Each JSON row also stores the raw per-context vectors `p_ctx`, `q_ctx`, `r_ctx`,
so new metrics can be derived offline **without re-running the models**.

## Layout & naming

Every artifact is keyed `{slug}__{mode}__{reduction}`:
slug ∈ `gpt2 | gemma2-9b | qwen3-8b-base | qwen3-8b | llama3.1-8b`,
mode ∈ `medial | full`, reduction ∈ `geo | joint`.

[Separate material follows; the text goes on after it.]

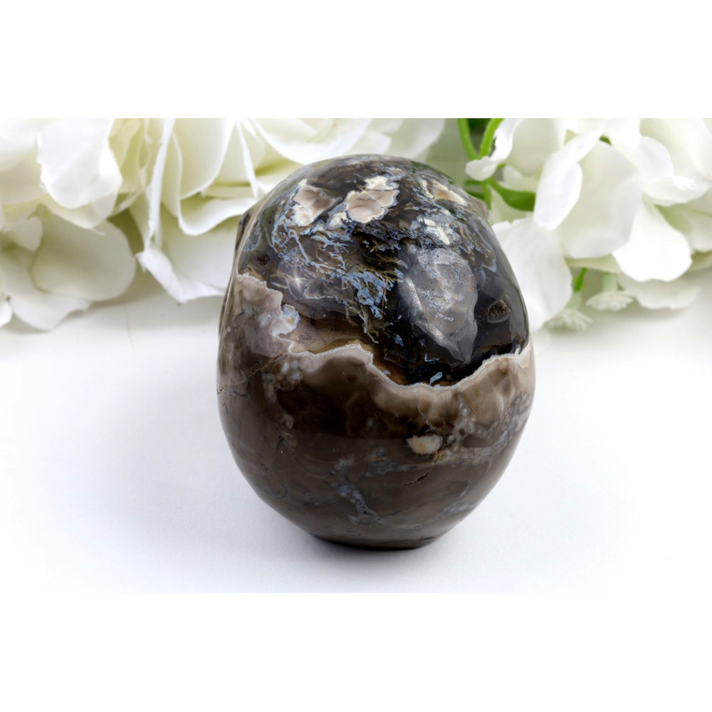 Představujeme vám fascinující lebku z fluorescenčního achátu, která je skutečným uměleckým dílem přírody i lidské práce. Tento konkrétní kus nese odstíny převážně tmavě hnědé, šedé a krémové, doplněné o bílé a světlejší vrstvy, které tvoří typickou, vlnitou kresbu achátu. Povrch lebky je hladce leštěný, což podtrhuje jeho přirozený lesk a odhaluje jemné detaily vnitřní struktury. Na některých místech můžete pozorovat průsvitné inkluze, které dodávají kameni hloubku a jedinečný charakter. Pod UV světlem se očekává, že achát odhalí svou skrytou fluorescenci, což z něj činí nejen krásný, ale i překvapivý dekorační kámen a originální sběratelský kousek.

- `json/{key}__{idiom,nonidiom}.json` — raw output (header + per-phrase rows + p/q/r vectors).
- `reports/{key}.md` — comprehensive per-metric idiom-vs-nonidiom report (means, 95% bootstrap CIs, cross-dataset gap) for **every** metric + full per-phrase tables.
- `reports/{key}__analyze.txt` — verbatim `analyze_hcov.py` output.
- `figures/{key}/` — up to 27 PNGs: `{01_strip,02_bars,03_per_idiom}_{ratio_u,h_u,syn_frac,h_s_log,ratio_s_log,h_s_reg,ratio_s_reg,h_s,ratio_s}.png` (the original `h_s`/`ratio_s` are absent when +inf everywhere).
- `figures_aggregate/` — cross-config figures:
  - `agg_01_forest_ratio_u_gap` — Δ(H_u/H) ± 95% CI, every config (headline)
  - `agg_08_peridiom_ratio_u` — per-phrase H_u/H across the 4 study models, **idioms vs non-idioms** with a separator
  - `agg_07_model_means_ratio_u` — per-model mean H_u/H gap (incl. gpt2)
  - `agg_02_grouped_ratio_u`, `agg_04_grouped_entropy` — idiom-vs-nonidiom bars
  - `agg_09_forest_ratio_s_log_gap`, `agg_10_grouped_syn_frac`, `agg_11_grouped_ratio_s_log` — the new finite synergy metrics
- `SUMMARY.md` — master cross-config comparison, one table per metric.
- `report.html` — single-page navigable report (TOC, interpretation guide, all figures, click-to-zoom).
- `logs/` — per-run logs + driver logs.

## Regenerating (compute-smart)

The model forward pass is the only expensive step, and geo+joint+medial+full are
all derivable from one pass per sentence. So:

```bash
bash run_sweep_cached.sh   # GPU: each model loaded once, each sentence scored once -> json/
bash regen_reports.sh      # CPU: analyze + reports + plots + summary + aggregates + report.html
```

`run_sweep_cached.sh` (via `code/sweep_cached.py`) reproduces `code/main.py`'s
numbers bit-for-bit but scores each distinct sentence exactly once, ~3–4× less
GPU than calling `main.py` per config. `regen_reports.sh` is pure post-processing
from the JSONs — rerun it freely after any plotting/report change.

## Caveats

- `gpt2` is a small-model **baseline**; it appears in the data, summary tables,
  per-config galleries, and the per-model gap plot (`agg_07`). The 4 big models
  are the study set; `agg_08` is restricted to them.
- `full` mode includes final-position sentences (empty right context); the
  canonical analysis and the README math assume `medial`.
- All non-baseline models are **base** (non-instruct) LMs.
- JSON stores Python `Infinity` (not strict JSON); the analysis scripts handle it.